The Marathon Continues

On March 31, 2019, the city of Los Angeles lost an angel. Grammy-nominated rapper Nipsey Hussle was shot and killed in South Central LA, he was 33.

Born Ermias Joseph Asghedom, his first name meaning “Sent by God” and his life work spoke true to that.

Hussle was more than his music, he was a community activist, philanthropist, entrepreneur, father, long-time boyfriend to actress Lauren London and simply just a black man trying to make it and give back.

Hussle wasn’t a stranger to the streets, in fact, that is what makes this tragedy so hard to come to terms with. Born and raised in the Crenshaw district of South Central LA or more specifically the 60s. A neighborhood that doesn’t have the best reputation, but Hussle saw the beauty within it and within its people.

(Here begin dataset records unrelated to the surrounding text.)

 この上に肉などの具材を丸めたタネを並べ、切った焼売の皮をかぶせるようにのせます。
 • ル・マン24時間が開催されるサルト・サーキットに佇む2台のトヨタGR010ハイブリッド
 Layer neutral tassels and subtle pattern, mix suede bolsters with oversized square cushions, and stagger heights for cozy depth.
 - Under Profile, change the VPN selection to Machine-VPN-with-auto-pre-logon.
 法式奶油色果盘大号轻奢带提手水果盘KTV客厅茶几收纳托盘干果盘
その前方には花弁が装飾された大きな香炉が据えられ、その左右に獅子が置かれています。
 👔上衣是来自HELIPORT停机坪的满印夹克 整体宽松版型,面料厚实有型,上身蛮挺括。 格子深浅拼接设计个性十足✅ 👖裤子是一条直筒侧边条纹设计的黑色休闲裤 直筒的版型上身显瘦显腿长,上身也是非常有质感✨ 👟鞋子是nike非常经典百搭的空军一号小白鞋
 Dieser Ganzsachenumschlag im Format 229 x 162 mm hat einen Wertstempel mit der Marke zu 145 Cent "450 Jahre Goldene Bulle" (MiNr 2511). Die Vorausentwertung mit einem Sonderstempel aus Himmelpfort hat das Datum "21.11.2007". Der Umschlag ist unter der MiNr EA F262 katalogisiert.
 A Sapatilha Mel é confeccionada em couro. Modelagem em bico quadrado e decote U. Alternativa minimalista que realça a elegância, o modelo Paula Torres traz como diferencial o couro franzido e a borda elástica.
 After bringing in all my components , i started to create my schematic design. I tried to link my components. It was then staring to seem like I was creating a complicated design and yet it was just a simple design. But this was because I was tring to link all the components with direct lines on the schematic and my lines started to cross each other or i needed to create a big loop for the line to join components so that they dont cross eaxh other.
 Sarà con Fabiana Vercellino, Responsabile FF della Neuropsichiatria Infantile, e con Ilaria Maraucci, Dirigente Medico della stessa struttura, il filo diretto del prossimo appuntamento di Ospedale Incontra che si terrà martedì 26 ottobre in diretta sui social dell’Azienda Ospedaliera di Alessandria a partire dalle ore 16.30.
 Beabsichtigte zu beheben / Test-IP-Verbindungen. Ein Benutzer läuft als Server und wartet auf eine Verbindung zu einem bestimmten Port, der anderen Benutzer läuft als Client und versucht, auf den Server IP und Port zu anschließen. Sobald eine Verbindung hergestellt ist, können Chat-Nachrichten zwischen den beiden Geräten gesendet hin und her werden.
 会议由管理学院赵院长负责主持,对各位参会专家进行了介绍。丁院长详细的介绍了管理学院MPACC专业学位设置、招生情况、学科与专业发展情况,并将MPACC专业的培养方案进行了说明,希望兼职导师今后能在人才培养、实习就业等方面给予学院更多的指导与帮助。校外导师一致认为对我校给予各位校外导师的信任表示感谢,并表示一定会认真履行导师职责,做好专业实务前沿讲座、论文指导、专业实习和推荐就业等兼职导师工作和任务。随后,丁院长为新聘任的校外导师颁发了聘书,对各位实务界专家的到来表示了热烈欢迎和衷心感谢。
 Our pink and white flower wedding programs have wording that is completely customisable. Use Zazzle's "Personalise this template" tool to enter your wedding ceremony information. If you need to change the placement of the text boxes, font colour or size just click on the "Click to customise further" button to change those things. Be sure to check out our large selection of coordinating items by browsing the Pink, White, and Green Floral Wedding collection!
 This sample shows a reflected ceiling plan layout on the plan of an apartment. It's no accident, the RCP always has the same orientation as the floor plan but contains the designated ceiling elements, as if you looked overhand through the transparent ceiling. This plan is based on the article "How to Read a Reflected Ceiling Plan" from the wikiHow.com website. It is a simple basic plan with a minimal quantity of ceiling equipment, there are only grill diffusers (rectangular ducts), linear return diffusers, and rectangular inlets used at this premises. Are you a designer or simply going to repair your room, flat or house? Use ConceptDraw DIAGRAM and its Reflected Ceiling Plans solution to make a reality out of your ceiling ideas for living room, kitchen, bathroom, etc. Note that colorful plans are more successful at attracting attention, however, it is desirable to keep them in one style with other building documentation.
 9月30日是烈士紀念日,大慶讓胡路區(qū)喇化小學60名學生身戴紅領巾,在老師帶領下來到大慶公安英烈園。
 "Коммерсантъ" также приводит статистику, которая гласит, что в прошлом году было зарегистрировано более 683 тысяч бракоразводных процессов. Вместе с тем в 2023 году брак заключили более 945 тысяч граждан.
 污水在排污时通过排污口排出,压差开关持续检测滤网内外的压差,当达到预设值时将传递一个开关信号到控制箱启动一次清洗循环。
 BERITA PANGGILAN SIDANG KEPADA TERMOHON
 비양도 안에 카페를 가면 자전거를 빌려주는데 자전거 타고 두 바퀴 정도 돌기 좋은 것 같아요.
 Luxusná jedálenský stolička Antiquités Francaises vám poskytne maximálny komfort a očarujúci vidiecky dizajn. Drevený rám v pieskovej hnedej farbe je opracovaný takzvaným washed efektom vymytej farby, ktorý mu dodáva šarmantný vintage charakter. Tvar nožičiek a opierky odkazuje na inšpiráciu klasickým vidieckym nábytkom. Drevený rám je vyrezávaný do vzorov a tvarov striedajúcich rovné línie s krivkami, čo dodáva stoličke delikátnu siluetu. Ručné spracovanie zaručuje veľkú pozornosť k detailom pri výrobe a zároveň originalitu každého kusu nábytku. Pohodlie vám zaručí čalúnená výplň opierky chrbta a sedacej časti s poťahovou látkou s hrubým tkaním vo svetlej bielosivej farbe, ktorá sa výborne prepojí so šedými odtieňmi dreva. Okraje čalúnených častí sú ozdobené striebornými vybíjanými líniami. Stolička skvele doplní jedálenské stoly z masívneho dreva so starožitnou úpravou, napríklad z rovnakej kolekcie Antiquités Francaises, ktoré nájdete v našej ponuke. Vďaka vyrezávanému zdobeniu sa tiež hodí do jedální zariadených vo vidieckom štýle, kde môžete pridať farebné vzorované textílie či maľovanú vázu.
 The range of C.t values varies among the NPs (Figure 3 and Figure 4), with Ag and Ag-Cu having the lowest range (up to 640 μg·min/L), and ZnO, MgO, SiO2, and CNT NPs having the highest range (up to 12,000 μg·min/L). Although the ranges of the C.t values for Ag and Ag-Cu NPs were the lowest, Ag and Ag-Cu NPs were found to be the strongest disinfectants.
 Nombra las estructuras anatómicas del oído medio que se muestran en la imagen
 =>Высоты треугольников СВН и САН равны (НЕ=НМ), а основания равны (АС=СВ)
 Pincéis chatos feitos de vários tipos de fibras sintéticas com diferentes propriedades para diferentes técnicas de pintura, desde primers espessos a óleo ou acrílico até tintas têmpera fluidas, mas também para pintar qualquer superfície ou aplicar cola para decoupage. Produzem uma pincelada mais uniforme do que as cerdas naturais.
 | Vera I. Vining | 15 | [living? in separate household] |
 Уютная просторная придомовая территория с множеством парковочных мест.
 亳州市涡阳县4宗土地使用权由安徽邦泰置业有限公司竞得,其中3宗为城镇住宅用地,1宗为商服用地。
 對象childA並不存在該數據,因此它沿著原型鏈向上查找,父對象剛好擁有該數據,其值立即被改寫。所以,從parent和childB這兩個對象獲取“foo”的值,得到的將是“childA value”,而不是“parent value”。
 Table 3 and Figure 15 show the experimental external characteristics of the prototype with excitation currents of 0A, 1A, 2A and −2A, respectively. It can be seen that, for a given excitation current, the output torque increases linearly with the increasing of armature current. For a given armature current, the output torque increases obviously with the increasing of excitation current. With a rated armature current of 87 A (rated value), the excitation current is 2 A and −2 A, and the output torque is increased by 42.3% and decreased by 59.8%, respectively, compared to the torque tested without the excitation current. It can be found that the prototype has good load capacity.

From the outside looking in South LA is viewed as a war zone. And in the media it served as a backdrop for gang violence and "hood" antics. But for Hussle, he saw an opportunity to rebuild the community and change the narrative. He never lost sight of where he was from. With the success of his music career, he took his earnings and invested in the inner city, providing jobs and opportunities to the community members.  

Last year Hussle launched his Too Big to Fail initiative in collaboration with Vector 90, a STEM center and co-working space for youth in the Crenshaw district. In addition, he was also involved in community projects such as the new Destination Crenshaw arts project, an open-air museum, and outdoor art and culture center celebrating Black Los Angeles.

Hussle donated shoes and school supplies to his local elementary schools and funded renovations of playgrounds and basketball courts.

He actively promoted black ownership. And if his philanthropic work wasn't enough his streetwear brand, The Marathon Clothing, is a huge success selling signature “Crenshaw” sweatshirts, t-shirts and accessories.

A staple to the community. Located on the corner of Crenshaw and Slauson, in a plaza that has played such a pivotal role in his life as well as career and woefully in his untimely death.  

On a Sunday none of us will ever forget Ermias Joseph “Nipsey Hussle” Asghedom was unfairly taken from us, by a man who is reported to have known him. In the very parking lot that started his journey and has so much history not only to Nipsey but to the residents of South Central.

When news broke it brought the city to a halt. To this day I still find it hard to believe. A man that I had never personally met, but would see in passing has had such an impact on my life as well as many others. The city is hurting and it feels as if it will never be the same.

It’s sad that it takes a person to lose their life to get the world to really appreciate all that they had accomplished. It is important as a city that we don't let his legacy die. Nipsey saw a light in us and it’s time we see it in ourselves. We are deserving of a better tomorrow.

Nipsey may be gone, but the marathon will continue.